(Listed entries begins)

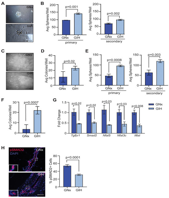 The most common types of breast cancer are thought to arise from mutations or epigenetic modifications in epithelial stem and progenitor cells, which may be acquired at key phases of rapid cell division, such as during in utero development or during puberty [19,20]. To investigate how GIH exposure impacts mammary stem and progenitor cells, we isolated mammary epithelial cells from GIH and GNx offspring and plated the cells in limiting dilution to measure mammospheres and colony formation. At 8 weeks, mammary epithelial cells from GIH offspring had formed significantly greater numbers of both primary and secondary mammospheres (Figure 2A,B). No differences were observed in the shape or size of the mammospheres. When plated on adherent plates coated in collagen, mammary epithelial cells isolated from GIH offspring demonstrated significantly enhanced colony formation (p = 0.02, Figure 2C,D). Although the colonies generated from the primary epithelial cells from each rat were variably sized, no differences were observed in colony size based on group. At 20 weeks, epithelial cells from GIH offspring also developed significantly more primary and secondary mammospheres (Figure 2E) as well as adherent colonies (p = 0.0007; Figure 2F).
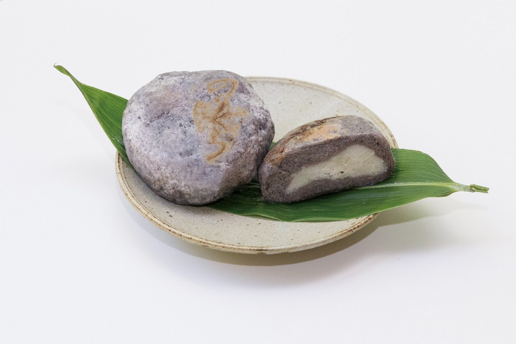 這款烤餅的餡料是用紅薯丸子做的,紅薯丸子是當地盂蘭盆節的傳統供品。餅皮是用黑米揉製的。
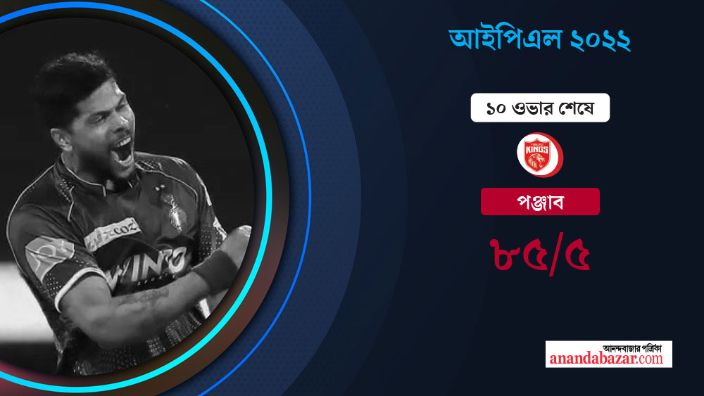 প্রথম দশ ওভারের মধ্যেই পাঁচ উইকেট হারাল পঞ্জাব। দুই উইকেট নেন উমেশ। একটি করে উইকেট পেয়েছেন টিম সাউদি, শিবম মাভি এবং সুনীল নারাইন। পঞ্জাবের হয়ে ক্রিজে রয়েছেন শাহরুখ খান এবং হরপ্রীত ব্রার।
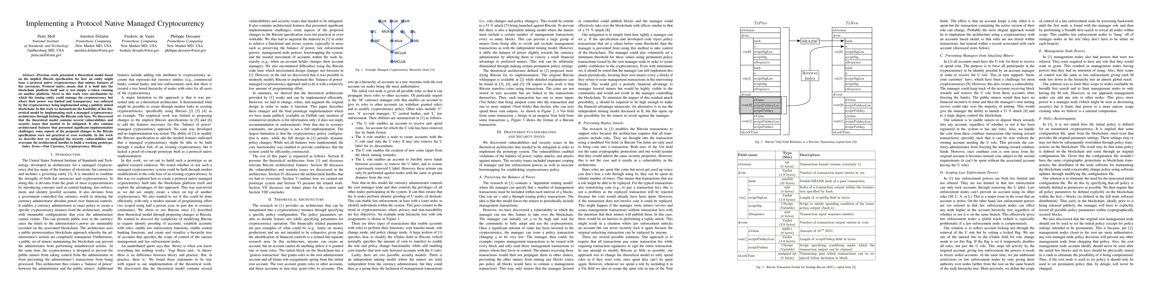 Researchers demonstrate the feasibility of implementing a protocol-native managed cryptocurrency architecture by forking the Bitcoin code base, identifying vulnerabilities and security issues that were mitigated to build a working prototype.
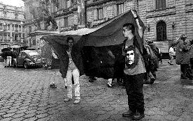 Afuera del Palacio de Minería, donde se desarrolla el encuentro entre paristas y autoridades, dos jóvenes se resguardan de la lluvia * Foto: Cristina Rodríguez
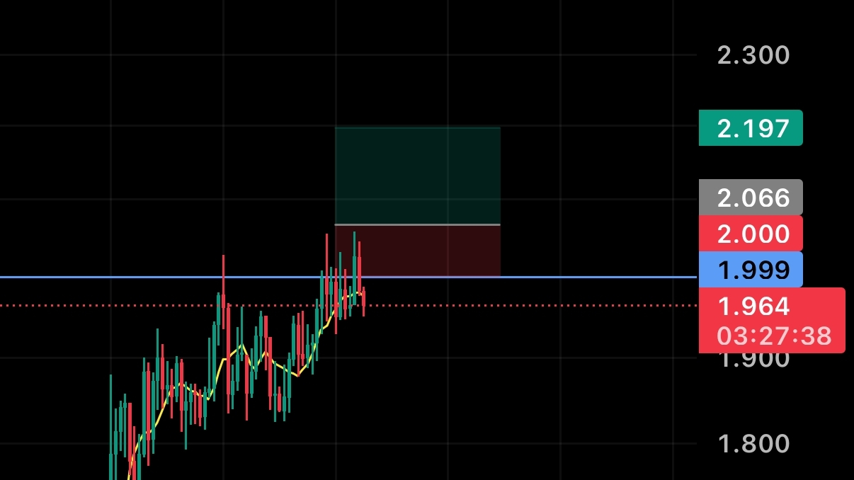 A clean breakout and acceptance above 1.99 could act as the trigger for a long entry, confirming bullish continuation.
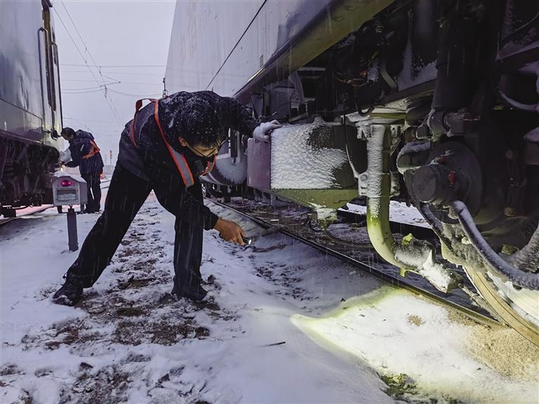 受今年入冬以來(lái)最強(qiáng)寒潮、雨雪天氣影響,11月23日20時(shí)開(kāi)始,中國(guó)鐵路蘭州局集團(tuán)有限公司蘭州西機(jī)務(wù)段調(diào)車車間擔(dān)當(dāng)管內(nèi)的武威南、打柴溝等地區(qū)氣溫接近零下15℃,蘭新線蘭州北至武威南、蘭青線部分線路已普降中到大雪,調(diào)車車間干部職工以雪為令,精心組織、主動(dòng)應(yīng)對(duì),采取有力措施最大限度降低不良天氣給行車安全帶來(lái)的影響,全力保證疆煤外運(yùn)人員供應(yīng),確保列車安全暢通。
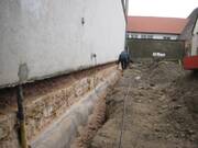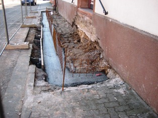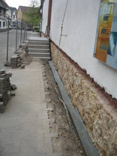 Der Sockel wird mit vorgebauten Sandsteinplatten mit Hinterlüftung verkleidet, so dass die aufsteigende Feuchtigkeit abgeleitet werden kann. Auf der Südseite im Kirchgarten, wird zusätzlich noch Kiesbett eingebaut, so dass der Schlagregen versickern kann.
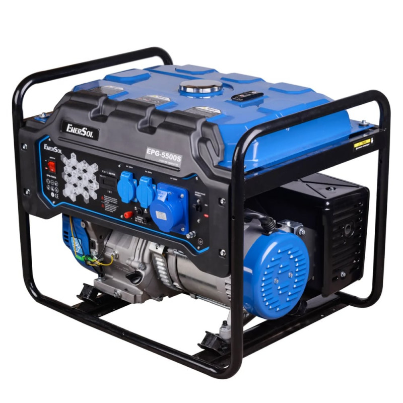 Генератор EnerSol EPG-5500S розроблений для енергонезалежності житлових та комерційних об'єктів у разі проблем у постачальника електрики. Компактність і автономність допускають використання машини при організації торгової точки або заходів просто неба, при здійсненні аварійно-рятувальних робіт. Особливості EnerSol EPG-5500S Фірмовий бензомотор виготовлений з довговічних деталей, адаптований до складних експлуатаційних умов та багатогодинних циклів. Великий потужний ресурс при середній камері ДВС сприяє відмінним робочим характеристикам при помірному споживанні бензину. Серійний номер дозволить контролювати якість двигуна та сервісне обслуговування після продажу. Доволі великий бензобак не потрібно часто заправляти, що забезпечить тривалу працездатність станції в інтервалах між зупинками. Будова та діаметр горловини розрахований на швидку заправку де завгодно. Базове навантаження на силову техніку становить 5 кВт для коректного функціонування без збоїв та поломок. На миттєві навантаження в момент старту електроінструменту закладено 10% резерв. Функція AVR дає вольтаж, наближений до прийнятого стандарту для 1-фазного розведення мережі, що забезпечує безпечне підключення чутливої електротехніки. Контрольно-вимірювальний пристрій відображає значення основних показників, що характеризують генерацію. Цифри на індикаторі з достатньою яскравістю помітні при різному рівні освітленості. Набір для транспортування полегшує переміщення важкого обладнання ділянкою та доставку до авто або іншого автомобіля між локаціями. Комплектація моделі EnerSol EPG-5500S: генератор; комплект коліс та ручок; цифровий мультиметр 3В1; картонна коробка; інструкція з експлуатації; гарантійний талон
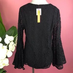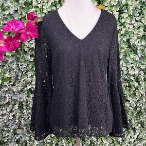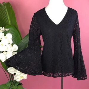 Catherine Malandrino Flare Sleeve Black Lace Top NWT
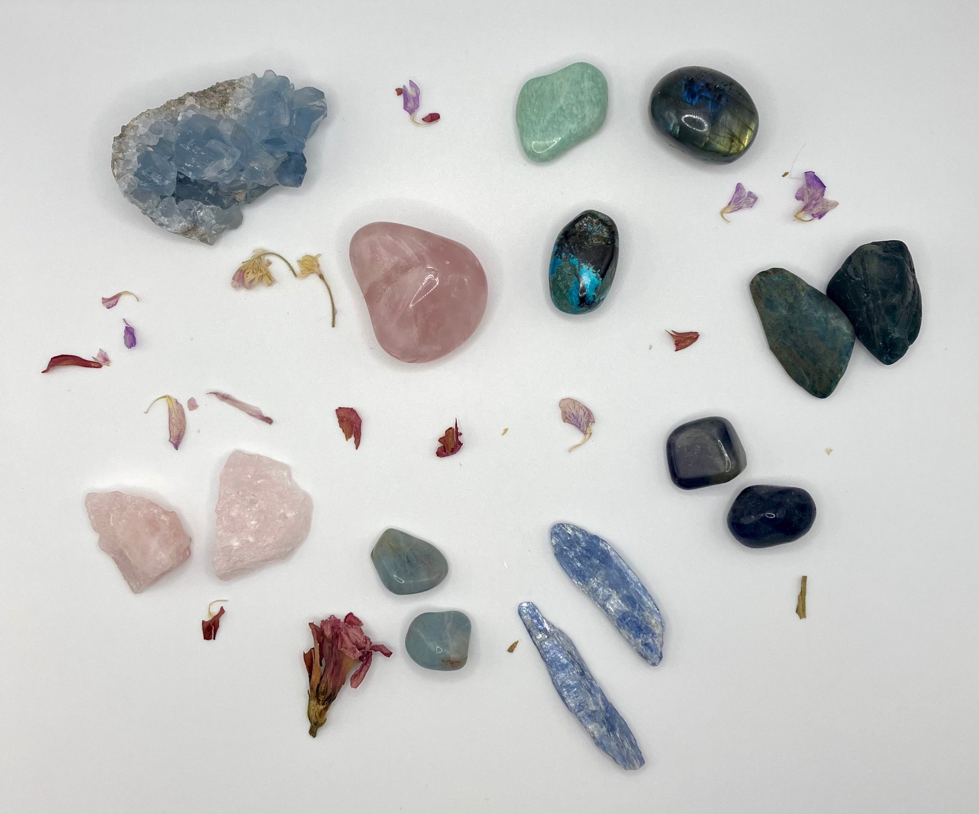 This crystal grid set is strongly related to the throat chakra, but also links the throat with the heart, higher heart (thymus) and third eye. I feel that this is for someone who is developing spiritually. Perhaps you have been working a lot on healing the lower chakras, and these are now balanced for the most part, but you are ready to begin working on the higher chakras. You feel like you are wanting to move forward but maybe aren’t quite sure where, and need to add a bit of confidence to keep going forward in your journey.
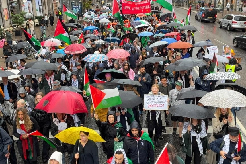 Çok sayıda sivil toplum kuruluşunun çağrısıyla Odenplan Meydanı’nda bir araya gelen yüzlerce kişi, İsrail'in Gazze'de işlediği savaş suçlarının derhal durdurulmasını talep etti.
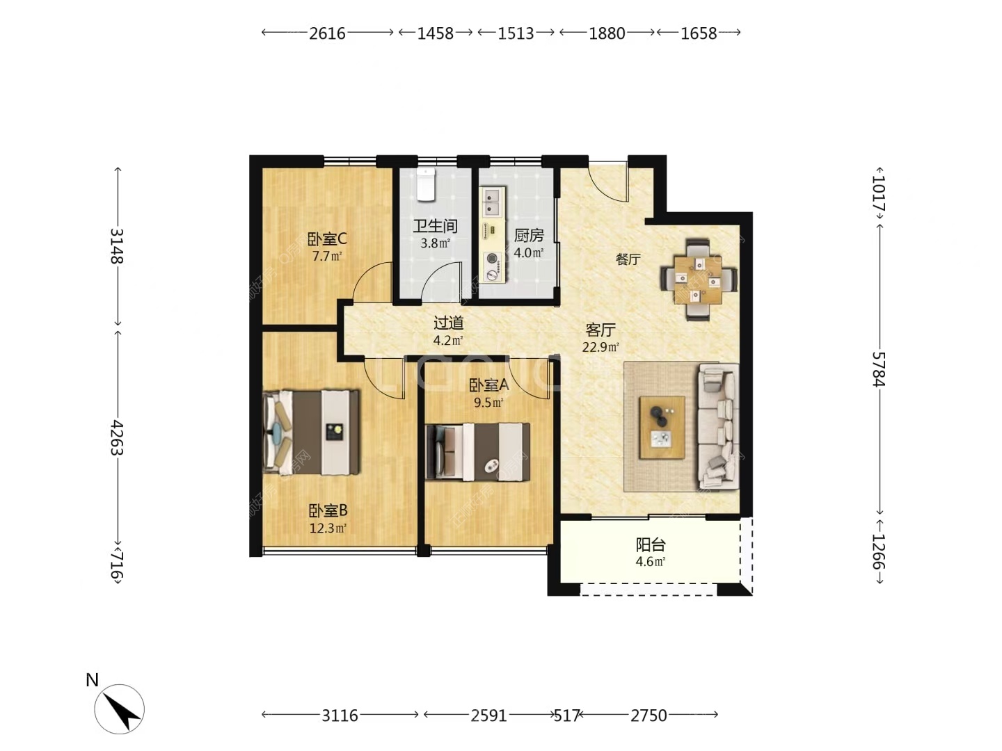 3房2厅1卫
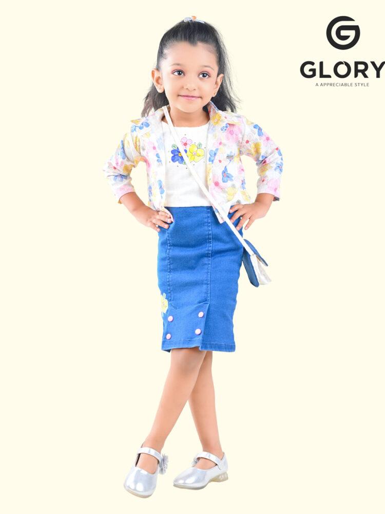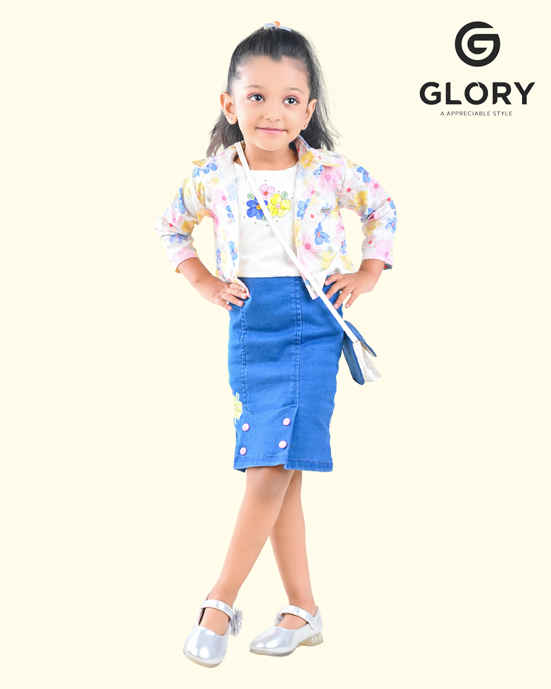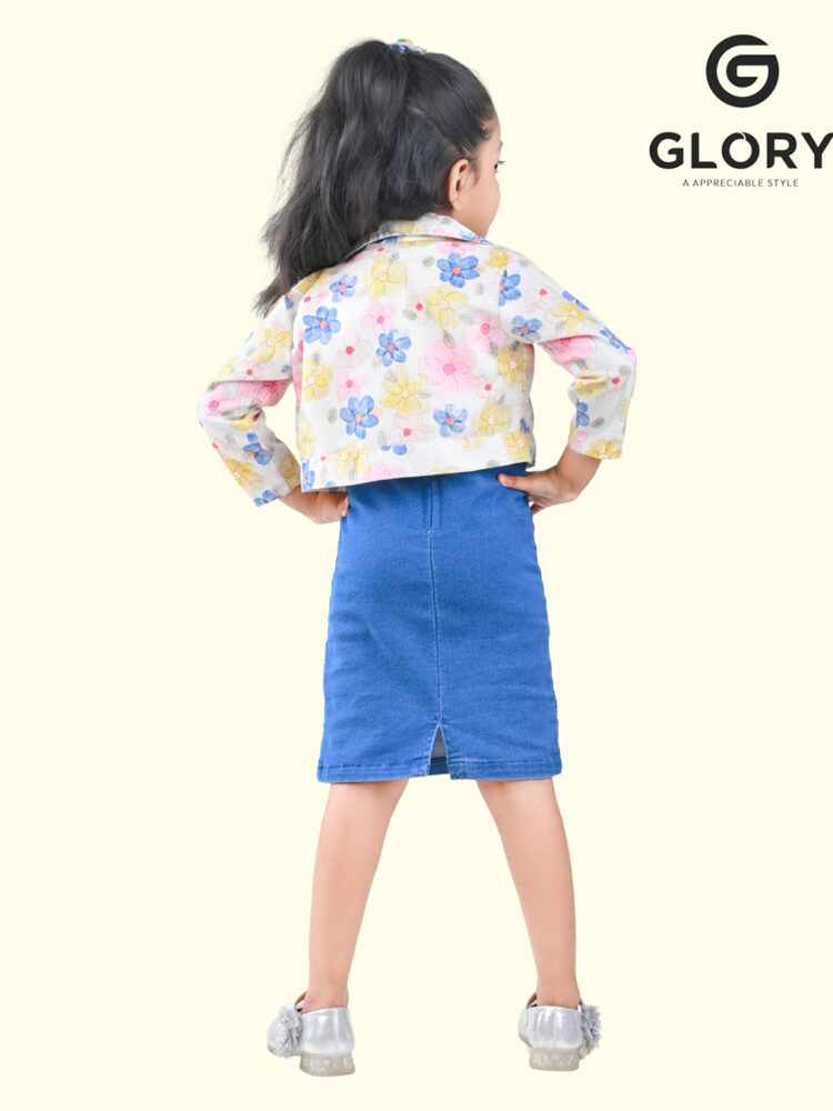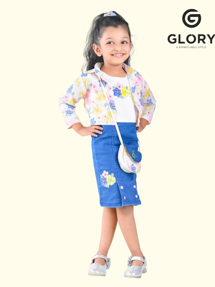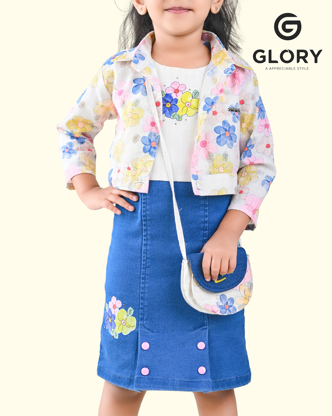 Style | Girls Denim Dresses With Floral Print Jacket & Purse |

(Listed entries ends)

What is expected:
In the copy, include no pictures; otherwise transcribe the entries exactly.

Output for this task:
 The most common types of breast cancer are thought to arise from mutations or epigenetic modifications in epithelial stem and progenitor cells, which may be acquired at key phases of rapid cell division, such as during in utero development or during puberty [19,20]. To investigate how GIH exposure impacts mammary stem and progenitor cells, we isolated mammary epithelial cells from GIH and GNx offspring and plated the cells in limiting dilution to measure mammospheres and colony formation. At 8 weeks, mammary epithelial cells from GIH offspring had formed significantly greater numbers of both primary and secondary mammospheres (Figure 2A,B). No differences were observed in the shape or size of the mammospheres. When plated on adherent plates coated in collagen, mammary epithelial cells isolated from GIH offspring demonstrated significantly enhanced colony formation (p = 0.02, Figure 2C,D). Although the colonies generated from the primary epithelial cells from each rat were variably sized, no differences were observed in colony size based on group. At 20 weeks, epithelial cells from GIH offspring also developed significantly more primary and secondary mammospheres (Figure 2E) as well as adherent colonies (p = 0.0007; Figure 2F).
 這款烤餅的餡料是用紅薯丸子做的,紅薯丸子是當地盂蘭盆節的傳統供品。餅皮是用黑米揉製的。
 প্রথম দশ ওভারের মধ্যেই পাঁচ উইকেট হারাল পঞ্জাব। দুই উইকেট নেন উমেশ। একটি করে উইকেট পেয়েছেন টিম সাউদি, শিবম মাভি এবং সুনীল নারাইন। পঞ্জাবের হয়ে ক্রিজে রয়েছেন শাহরুখ খান এবং হরপ্রীত ব্রার।
 Researchers demonstrate the feasibility of implementing a protocol-native managed cryptocurrency architecture by forking the Bitcoin code base, identifying vulnerabilities and security issues that were mitigated to build a working prototype.
 Afuera del Palacio de Minería, donde se desarrolla el encuentro entre paristas y autoridades, dos jóvenes se resguardan de la lluvia * Foto: Cristina Rodríguez
 A clean breakout and acceptance above 1.99 could act as the trigger for a long entry, confirming bullish continuation.
 受今年入冬以來(lái)最強(qiáng)寒潮、雨雪天氣影響,11月23日20時(shí)開(kāi)始,中國(guó)鐵路蘭州局集團(tuán)有限公司蘭州西機(jī)務(wù)段調(diào)車車間擔(dān)當(dāng)管內(nèi)的武威南、打柴溝等地區(qū)氣溫接近零下15℃,蘭新線蘭州北至武威南、蘭青線部分線路已普降中到大雪,調(diào)車車間干部職工以雪為令,精心組織、主動(dòng)應(yīng)對(duì),采取有力措施最大限度降低不良天氣給行車安全帶來(lái)的影響,全力保證疆煤外運(yùn)人員供應(yīng),確保列車安全暢通。
 Der Sockel wird mit vorgebauten Sandsteinplatten mit Hinterlüftung verkleidet, so dass die aufsteigende Feuchtigkeit abgeleitet werden kann. Auf der Südseite im Kirchgarten, wird zusätzlich noch Kiesbett eingebaut, so dass der Schlagregen versickern kann.
 Генератор EnerSol EPG-5500S розроблений для енергонезалежності житлових та комерційних об'єктів у разі проблем у постачальника електрики. Компактність і автономність допускають використання машини при організації торгової точки або заходів просто неба, при здійсненні аварійно-рятувальних робіт. Особливості EnerSol EPG-5500S Фірмовий бензомотор виготовлений з довговічних деталей, адаптований до складних експлуатаційних умов та багатогодинних циклів. Великий потужний ресурс при середній камері ДВС сприяє відмінним робочим характеристикам при помірному споживанні бензину. Серійний номер дозволить контролювати якість двигуна та сервісне обслуговування після продажу. Доволі великий бензобак не потрібно часто заправляти, що забезпечить тривалу працездатність станції в інтервалах між зупинками. Будова та діаметр горловини розрахований на швидку заправку де завгодно. Базове навантаження на силову техніку становить 5 кВт для коректного функціонування без збоїв та поломок. На миттєві навантаження в момент старту електроінструменту закладено 10% резерв. Функція AVR дає вольтаж, наближений до прийнятого стандарту для 1-фазного розведення мережі, що забезпечує безпечне підключення чутливої електротехніки. Контрольно-вимірювальний пристрій відображає значення основних показників, що характеризують генерацію. Цифри на індикаторі з достатньою яскравістю помітні при різному рівні освітленості. Набір для транспортування полегшує переміщення важкого обладнання ділянкою та доставку до авто або іншого автомобіля між локаціями. Комплектація моделі EnerSol EPG-5500S: генератор; комплект коліс та ручок; цифровий мультиметр 3В1; картонна коробка; інструкція з експлуатації; гарантійний талон
 Catherine Malandrino Flare Sleeve Black Lace Top NWT
 This crystal grid set is strongly related to the throat chakra, but also links the throat with the heart, higher heart (thymus) and third eye. I feel that this is for someone who is developing spiritually. Perhaps you have been working a lot on healing the lower chakras, and these are now balanced for the most part, but you are ready to begin working on the higher chakras. You feel like you are wanting to move forward but maybe aren’t quite sure where, and need to add a bit of confidence to keep going forward in your journey.
 Çok sayıda sivil toplum kuruluşunun çağrısıyla Odenplan Meydanı’nda bir araya gelen yüzlerce kişi, İsrail'in Gazze'de işlediği savaş suçlarının derhal durdurulmasını talep etti.
 3房2厅1卫
 Style | Girls Denim Dresses With Floral Print Jacket & Purse |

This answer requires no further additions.